The Charitable Corporation was established in London in 1707 with the noble mission of providing “relief of the industrious poor by assisting them with small sums at legal interest.”
Essentially, it sought to provide lowinterest loans to poor tradesmen, shielding them from predatory pawnbrokers who charged as much as 30% interest. The corporation made loans available at the rate of 5% in return for a pledge of property for security.
Under its original mission, it was like an 18th-century version of today’s socially responsible investing, or “sustainable investment funds.”
In 1725, the Charitable Corporation diverted from its original mission when a new board of directors took over.
These men turned the corporation into their own piggy bank, taking money from it to buy shares and prop up their other companies. At the same time, the company’s employees began to engage in fraud: Safety checks ceased, books were kept irregularly and pledges went unrecorded.
Investigators would ultimately find that 400,000 pounds or more in capital was missing – roughly $108 million in today’s U.S. dollars.
In the autumn of 1731, rumors began to circulate about the solvency of the Charitable Corporation. The warehouse keeper at the time, John Thomson, who was in charge of all loans and pledges but also in league with the five fraudulent directors, hid the company’s books and fled the country.
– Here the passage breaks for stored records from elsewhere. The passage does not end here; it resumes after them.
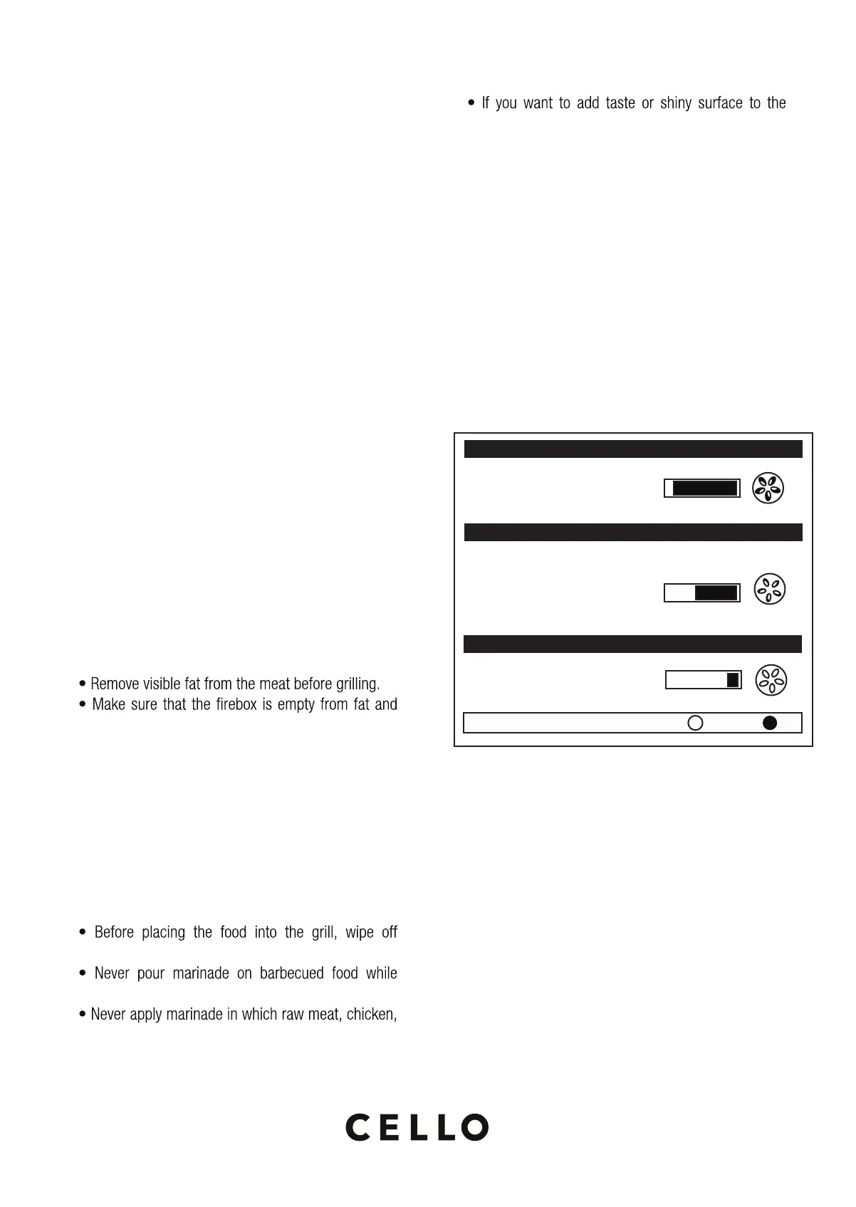 Grilling (160℃ - 185℃) Bottom vent Top vent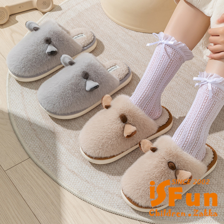 【iSFun】毛毛小牛 秋冬保暖室內拖鞋/綠色3839號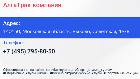 АлгаТрак, компания по адресу 140150, Московская область, Быково, Советская, 19/8 в дальнейшем Организация, размещена в следующих категориях: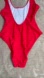 Item keywords: shekini; swimwear; one-piece; swimsuits; summer; vacation; red; high cut; low back; scoop neck; bold; fun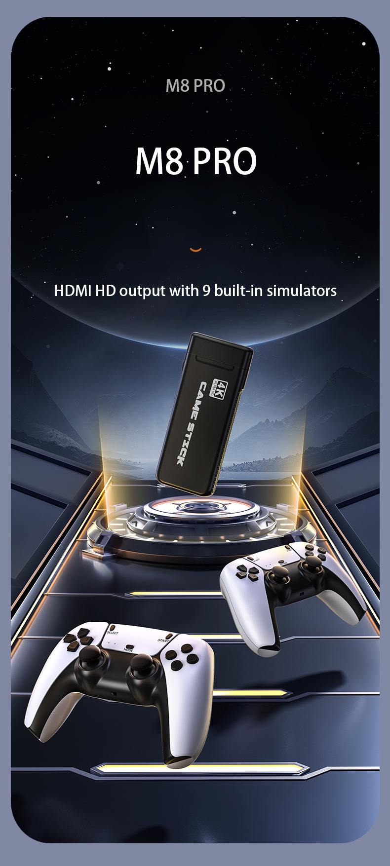 Console de jeu vidéo M8 Pro Game Stick, 4K HDMI HD, 2.4G, manette sans fil pour PS1, David, GB, GBA, arcade, console de jeu TV rétro, plus de 20000 jeux

At the shareholders’ quarterly meeting, they found that money, pledges and accounts had all gone missing. At this point, the proprietors of the Charitable Corporation stock appealed to the British Parliament for redress.
The parliamentary investigation led to various charges being leveled against both managers and employees of the Charitable Corporation. Many of them were forced to appear before Parliament and were arrested if they did not. The managers and employees deemed most responsible for the 1732 fraud, such as William Burroughs, had their assets seized and inventoried in order to help pay back the shareholder losses.
In the end, the shareholders received a partial government bailout – Parliament authorized a lottery that reimbursed only 40% of what the corporation’s creditors had lost.
There are several key characteristics that stand out in the collapses of both the Charitable Corporation and FTX. Both companies were offering something new or venturing into a new sector. In the former’s case, it was microloans. In FTX’s case, it was cryptocurrency.